Effects of treatment on reproductive organ weights High doses of EB reduced BWs of F344 rats on PND 90 significantly (P < 0.01; Table 2). Accordingly, AGDs in animals of the same treatment group were likewise shortened significantly (P < 0.01). Unlike in SD rats, relative testes and epididymes weights were only affected in a negative manner by the highest concentration of EB (P < 0.05; Fig. 6, A and B). F344 rats were far more sensitive to the estrogen treatment than were SD rats. In the 1500.0 µg/kg BW treatment group, relative testicular weights were reduced to 44.16% of the control weights in contrast to reduction to 67.37% of control weights in SD rats. Likewise, epididymal sizes in F344 rats were reduced to 36.05% of controls as opposed to 86.62% of controls in SD rats. This difference in estrogen sensitivity was even more pronounced in the seminal vesicle and coagulating gland weights (Fig. 6, C and D), where weight reductions were observed at only the highest EB concentration and low doses had no permanent effect. While relative seminal vesicle weights in F344 rats were reduced to only 7.88% of control weights, they were 14.95% of control weights in SD rats. The mid-dose of 15.0 µg/kg BW, which had caused a significant reduction in SD rats, did not alter mean relative seminal vesicle weights in F344 rats, further demonstrating the differential response of different strains to estrogen exposure. Coagulating glands were reduced by an even larger percentage to 10.11% of control weights in F344 rats, as opposed to 31.99% of control weights in SD rats. Ampullary gland weights were not determined for SD rats. However, at the highest treatment dose in F344 rats, the development of the glands was suppressed so greatly that they could not be sampled from 90-day-old animals. At low and mid doses, relative ampullary gland weights were not significantly different from control weights (P > 0.05; Fig. 6E).
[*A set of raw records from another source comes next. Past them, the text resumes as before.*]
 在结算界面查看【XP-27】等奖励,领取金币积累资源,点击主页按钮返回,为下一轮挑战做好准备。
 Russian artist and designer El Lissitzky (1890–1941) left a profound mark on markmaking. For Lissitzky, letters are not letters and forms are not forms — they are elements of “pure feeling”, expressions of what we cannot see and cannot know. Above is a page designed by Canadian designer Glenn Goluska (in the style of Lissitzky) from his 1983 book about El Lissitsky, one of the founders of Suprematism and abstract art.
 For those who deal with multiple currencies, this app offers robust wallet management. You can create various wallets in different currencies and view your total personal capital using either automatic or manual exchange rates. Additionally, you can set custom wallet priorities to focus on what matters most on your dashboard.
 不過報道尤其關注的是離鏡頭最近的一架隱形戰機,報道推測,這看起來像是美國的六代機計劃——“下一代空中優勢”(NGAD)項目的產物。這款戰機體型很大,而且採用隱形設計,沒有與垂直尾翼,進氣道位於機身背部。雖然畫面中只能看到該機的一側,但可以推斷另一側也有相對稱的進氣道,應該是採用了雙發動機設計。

View larger version (49K): [in this window] [in a new window]   FIG. 6. Effects of neonatal EB on reproductive tract organ weights (mg/100 mg BW) in F344 rats. A) Testis. Only high-dose EB treatment affected relative testis weights significantly and permanently. B) Epididymis. As for testis weights, relative epididymal weights were permanently affected only in the high-dose group. C) Seminal vesicle. The depression of relative seminal vesicle weights by high doses of EB was significant and far greater than that in SD rats. D) Coagulating gland. Relative coagulating gland weights were also significantly decreased compared with those of SD rats. E) Ampullary gland. In the high-dose group, ampullary gland development was so greatly affected that the gland weights could not be determined (n.d.). All values are mean ± SEM. *, P < 0.05; **, P < 0.01

As observed previously for SD rats, relative adrenal gland weights were significantly increased in high-dose animals (P < 0.001), although absolute adrenal gland weights were not (Table 2). The difference between relative control and high-dose adrenal weights was slightly smaller in F344 rats than in SD rats (116.29% of control weights in F344 rats as opposed to 125.86% of control weights in SD rats). Spleen weights did not differ significantly between treatment groups.
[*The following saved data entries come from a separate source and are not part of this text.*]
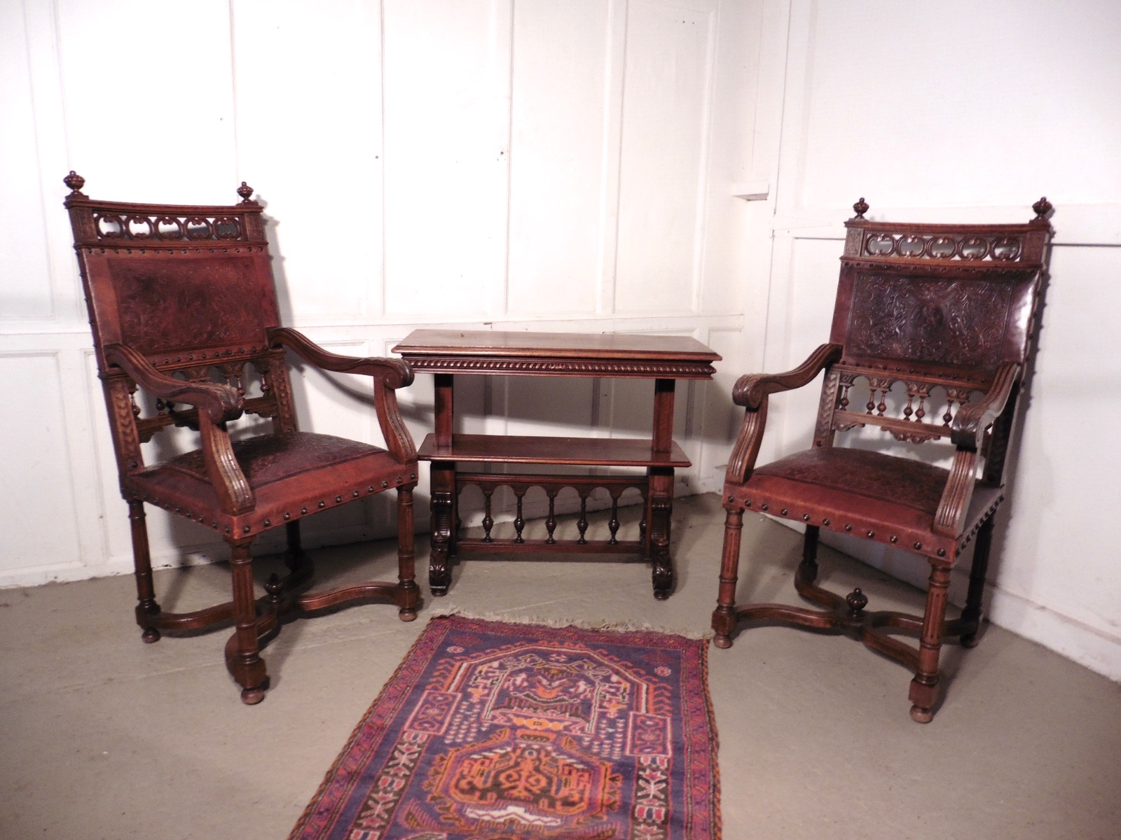 Pair of French Gothic Walnut and Leather Library Chairs c.1880
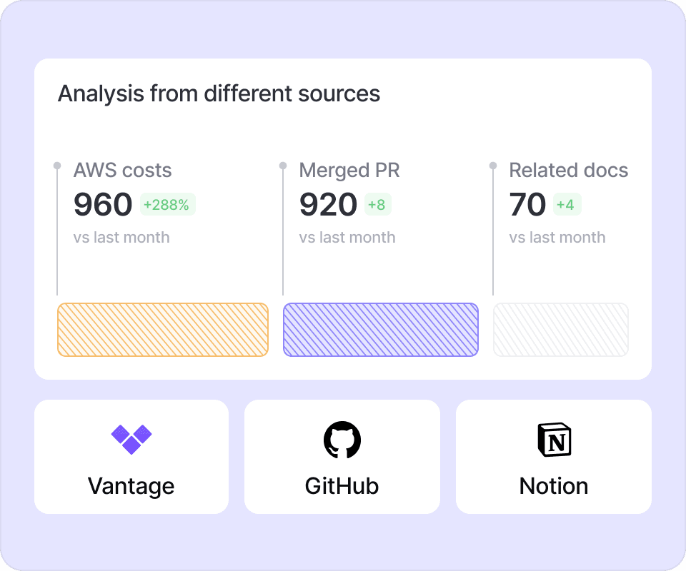 Combine the data available via the Vantage MCP with other MCP Servers like Notion and Github to easily create reports based upon multiple sources of context.
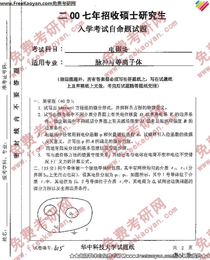 专业课考研经验 本站小编 FreeKaoyan 2018-01-23华中科技大学2007年考研真题-大学物理
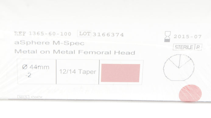 - DePuy 1365-60-100 aSphere M-SPec Metal on Metal Femoral Head 44mm x -2,12/14 (x)
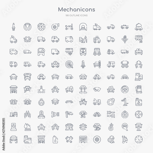 100 mechanicons outline icons set such as car speedometer, repair mechanism, car wheel, car wash machine, pistons cross, change oil, inside a garage, in a gas station

Effects of treatment on pubertal markers Similar to SD rats, high-dose F344 rats (1500.0 µg/kg BW) did not reach PPS prior to the termination of the experiment on PND 90 (Table 3). Neither low nor mid doses of EB affected age, BWs, or AGD at PPS compared with control animals (P > 0.05).

DISCUSSION

Perinatal and neonatal exposures to various concentrations of natural and synthetic estrogens cause irreversible organizational changes in the developing male rodent reproductive tract. In particular, high doses of estrogens have been demonstrated to cause such profound permanent effects as feminization, reduction of organ weights, reduced sperm production, morphologic alterations of the prostate gland, and infertility [29–31]. In the present study, low doses of natural estrogens caused the inverted manifestation of some of these effects, thus resulting in nonmonotonic dose-response profiles, which in some cases were present only transiently in the younger animals but in others remained into adulthood. The temporary character of some of these changes and the transient increase of hepatic testosterone hydroxylases suggest that low doses of EB led to precocious puberty, whereas high doses resulted in the known estrogenization effects associated with organizational imprinting [32]. Furthermore, direct comparison of SD and F344 rats confirmed previously reported strain differences in response to estrogen exposure. Thus, despite the greater estrogen sensitivity of the F344 rat, certain low-dose effects observed transiently in the less sensitive SD rat were not sustained in the adults, confirming the temporal nature of these effects.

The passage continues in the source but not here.